Bu mevzuda milletlerarası alanda yapılan hiç bir mutabakat yahut rehber bulunmuyor. Hatta St. Andrews Üniversitesinden dilbilimci Dr. John Elliott, insanlığın bu durumda “Başsız tavuklar üzere olacağını” paylaşmıştı.

esasen büyük bir krizde bile dünyada neler yaşanabileceğini, bir anda tüm kartların nasıl bir daha dağıtılabileceğini COVID-19 salgınında görmüştük.


Üstelik uzaylıların insanlıkla nasıl temasa geçtiği bile bu noktada pek ehemmiyet arz etmiyor. Sonuçta her bir birey, bilinen tarihinde birinci defa kozmosta kendisinden öteki hayat formlarının da yaşadığını öğrenecek.

Şöyle önemli bir biçimde bir düşünün ve o an nasıl reaksiyonlar verebileceğinizi çözmeye çalışın. Bilinmeyenle, daha evvel hiç yaşanmamış bir şeyle yüzleşmek biraz güç, değil mi?

Aslında bu biçimde bir senaryo için bir plan da sunulmuştu fakat akıbeti aşikâr değil:


Uluslararası Uzay Akademisi, 2010 yılında bu biçimde bir senaryo için muhtemel bir plan hazırlamıştı. Ama planda bir daha net bir karar merciinden bahsedilmiyordu.

Plan, dünya dışı yaşama dair en ufak bir sinyalin bulunması durumunda Birleşmiş Milletler ve Dış Uzayın Barışçıl Kullanımları Komitesi (Copous) aracılığıyla memleketler arası uyum için bir forum oluşturulmasını öngörüyordu.

aynı vakitte sinyale karşılık verilip verilmeyeceği de ‘geniş ölçüde temsil edilen milletlerarası bir kuruluşa’ bağlı tutuluyordu. Bu kuruluş için Birleşmiş Milletler örnek olarak gösterilse de bu kısım ziyadesiyle yoruma açık.


  • İşin garip yanı, plan burada sona eriyor. Bundan daha sonraki mümkün gelişmelerden ve insanlığın atacağı adımlardan hiç bir biçimde bahsedilmiyor.
Ayrıca milletlerarası birliğin bir anda sağlanıp sağlanamayacağı da büyük bir soru işareti. Sonuçta COVID-19’da bile bu birliği kurmakta başarısız olmuştuk. Afrika ülkelerine aşı bile vermedi büyük çoğunluğumuz.

Hadi var iseyalım ki bu biçimde bir birlik kuruldu; insanlık, tarihinde birinci defa hakikaten bir ortaya gelmeyi başardı. Bu sefer de uzaylıların nasıl bir gayeyle bizle temasa geçtikleri konusu var. Düşman da olabilirler dost da.

Biz bu olasılıkları düşündükçe haliyle ortam sonsuz bir biçimde dallanarak büyüyen bir ağaca dönüşüyor. Farklı bir bakış açısına geçelim mi?

Bu çıkmazı bir de yapay zekâya aktarmaya ne dersiniz? Aslında o da bir çıkmazda olabileceğimizi söylüyor:

Uzaylı-insanlık temasındaki çıkmazı bir de ChatGPT’ye sormayı denedim. Aldığım cevaplardan geneli aslında çıkmazı dallandırmaya devam etse de özellikle son soruya verdiği yanıt bir tık korkuttu.

Birini konuşturduk, oburu de eksik kalmasın. Yapay zekâya sorduğum kimi soruları ve yanıtlarını bir de DALL-E 2’ye resmettirdim. Ortaya ziyadesiyle etkileyici manzaralar çıktı. Başlayalım.


  • O son cümle hiç olmayacak be ChatGPT.
Peki temas fizikî olarak gerçekleşirse?
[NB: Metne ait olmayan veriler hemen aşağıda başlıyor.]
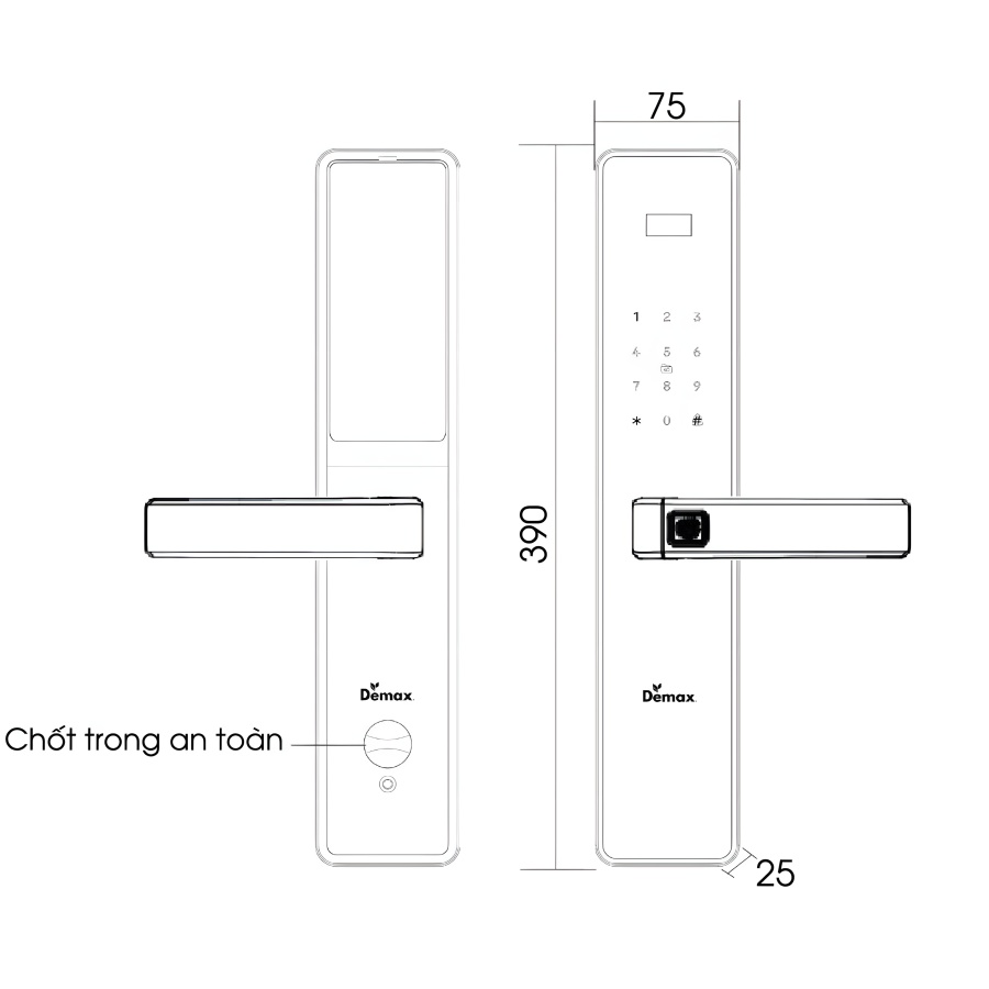 Kích thước khóa (Rộng x Cao x Dày): R75 × C390 x D25 mm

Evvel barışçıl üzere duran bir senaryoya bakalım:


Bir de saldırgan bir senaryoya göz atalım:


Uzaylıların Dünya’ya saldırdığı bir gerçeklikte hayatta kalma bahtımız ne olurdu?
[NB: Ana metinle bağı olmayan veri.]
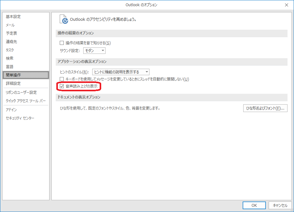 なお、この音声読み上げ機能を無効にするには、[Outlookのオプション]の[簡単操作]を開き、[アプリケーションの表示オプション]の[音声読み上げの表示]のチェックを外すとOKです。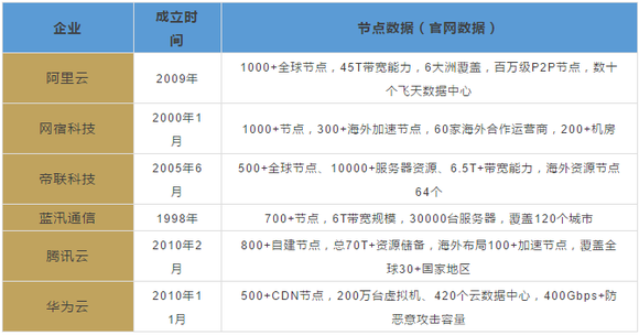 据各方公布的最新的节点数据来看,阿里云和网宿科技的节点资源可能最为丰富(均在1000+)。带宽能力上,阿里云与腾讯云名列前茅。在海外布局上,各家均部署大量节点,但是数量上和实力上仍有不小差异。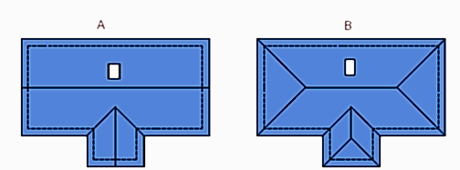 Farklı şekildeki bir çatı hem beşik, hem de kırma çatı şeklinde tanzim edilebilir. Yukarıdaki şekillerde aynı şekildeki binaların beşik ve kırma çatı modelinde tanzim edildiklerine dikkat ediniz.

Biz inanmıyoruz fakat ChatGPT inanıyor: Tahminen de bizi tam olarak tanıyamamıştır…


Son sorumuz ve hafifçeten korkutan bir yanıt: Uzaylıların kumandanı olsaydın, Dünya’da saldıracağın birinci yer neresi olurdu?
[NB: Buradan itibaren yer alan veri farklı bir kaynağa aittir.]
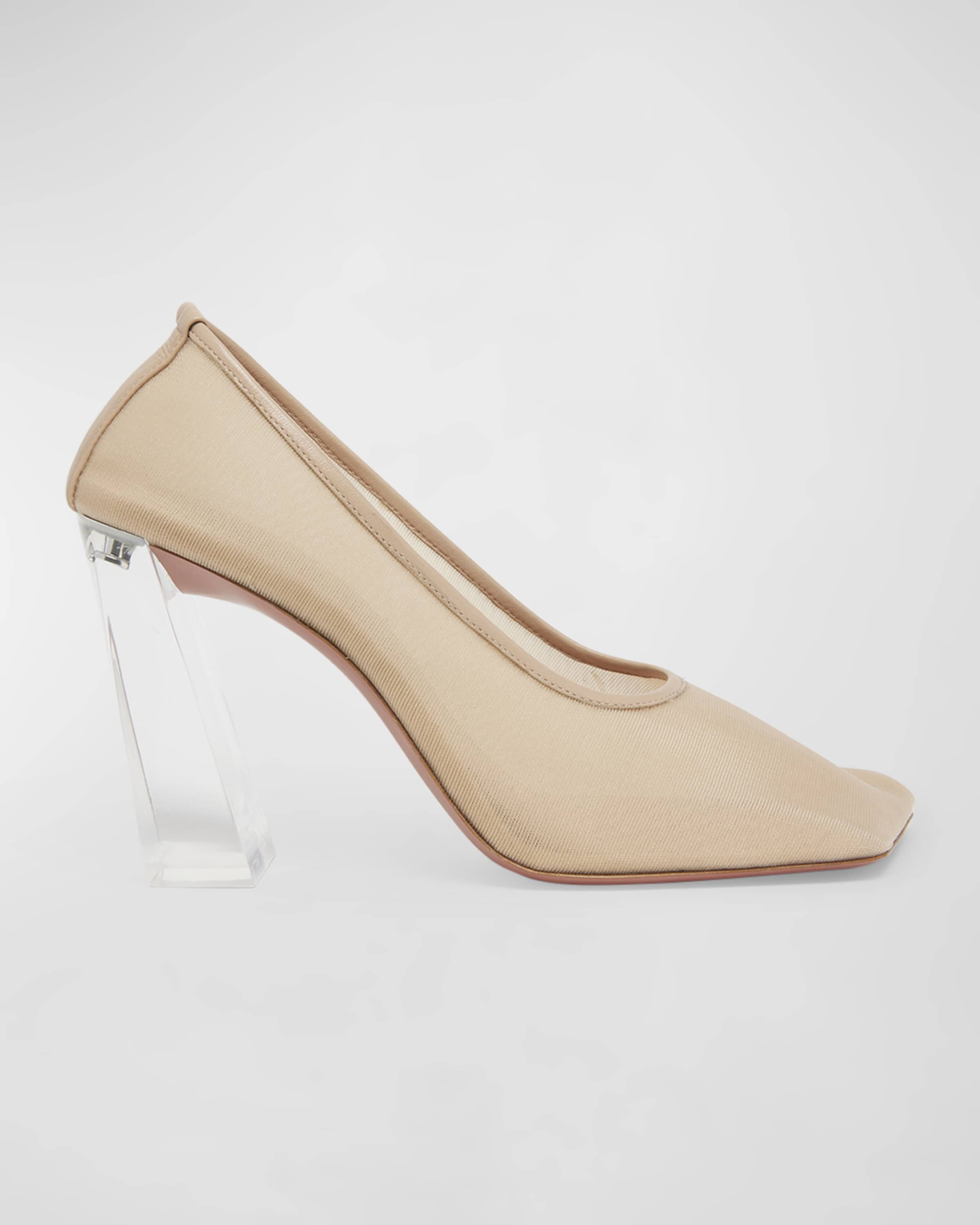 Amina Muaddi Charlotte Mesh Plexi-Heel Pumps

Korkuttu ama merak da uyandırdı. Hey DALL-E, ChatGPT’nin bahsetmiş olduğu bu ütopik yer neye benziyor? Bu sorunun karşılığı daha da şaşırttı:



Evet, DALL-E, ChatGPT’nin karşılığını bilhassa ibadet yerlerine benzeyen yapılar biçiminde betimledi. İkinci görselde ‘insanların farklılıkları’ konusunu daha da açmayı denesem de karşılık değişmedi.

Farkındayım, nereden başladık ve nereye geldik. Lakin bu biçimdesine dallanıp budaklanan bir hususta yolunu şaşırmak çok doğal. Sonuçta hiç bir yanıtı yok.

Peki sizce insanlık, uzaylılarla birinci teması kurduğunda neler yaşanabilir? İnsanlık, sahiden bir ortaya gelip hemfikir olarak kararlar alabilir mi?